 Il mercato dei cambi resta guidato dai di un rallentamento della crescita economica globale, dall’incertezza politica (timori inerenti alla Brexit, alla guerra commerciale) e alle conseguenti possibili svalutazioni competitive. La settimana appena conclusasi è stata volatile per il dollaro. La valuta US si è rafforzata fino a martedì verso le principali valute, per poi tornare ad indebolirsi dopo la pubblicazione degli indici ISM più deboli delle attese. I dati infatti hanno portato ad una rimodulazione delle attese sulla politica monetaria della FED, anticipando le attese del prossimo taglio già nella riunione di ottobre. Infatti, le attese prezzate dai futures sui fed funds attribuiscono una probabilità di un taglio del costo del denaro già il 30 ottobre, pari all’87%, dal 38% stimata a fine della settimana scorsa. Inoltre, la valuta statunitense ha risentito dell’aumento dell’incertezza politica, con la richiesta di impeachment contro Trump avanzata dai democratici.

------------

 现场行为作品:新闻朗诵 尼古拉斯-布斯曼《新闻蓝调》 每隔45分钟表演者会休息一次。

------------

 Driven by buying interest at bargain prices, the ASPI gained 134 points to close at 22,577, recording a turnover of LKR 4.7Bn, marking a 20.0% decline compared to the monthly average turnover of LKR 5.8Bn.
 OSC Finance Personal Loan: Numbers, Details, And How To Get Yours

------------

From the records above, repeat exactly the lines from the one with "Driven by buying" through the one with "OSC Finance Personal", both included.

### FINISHED EXERCISE
 Driven by buying interest at bargain prices, the ASPI gained 134 points to close at 22,577, recording a turnover of LKR 4.7Bn, marking a 20.0% decline compared to the monthly average turnover of LKR 5.8Bn.
 OSC Finance Personal Loan: Numbers, Details, And How To Get Yours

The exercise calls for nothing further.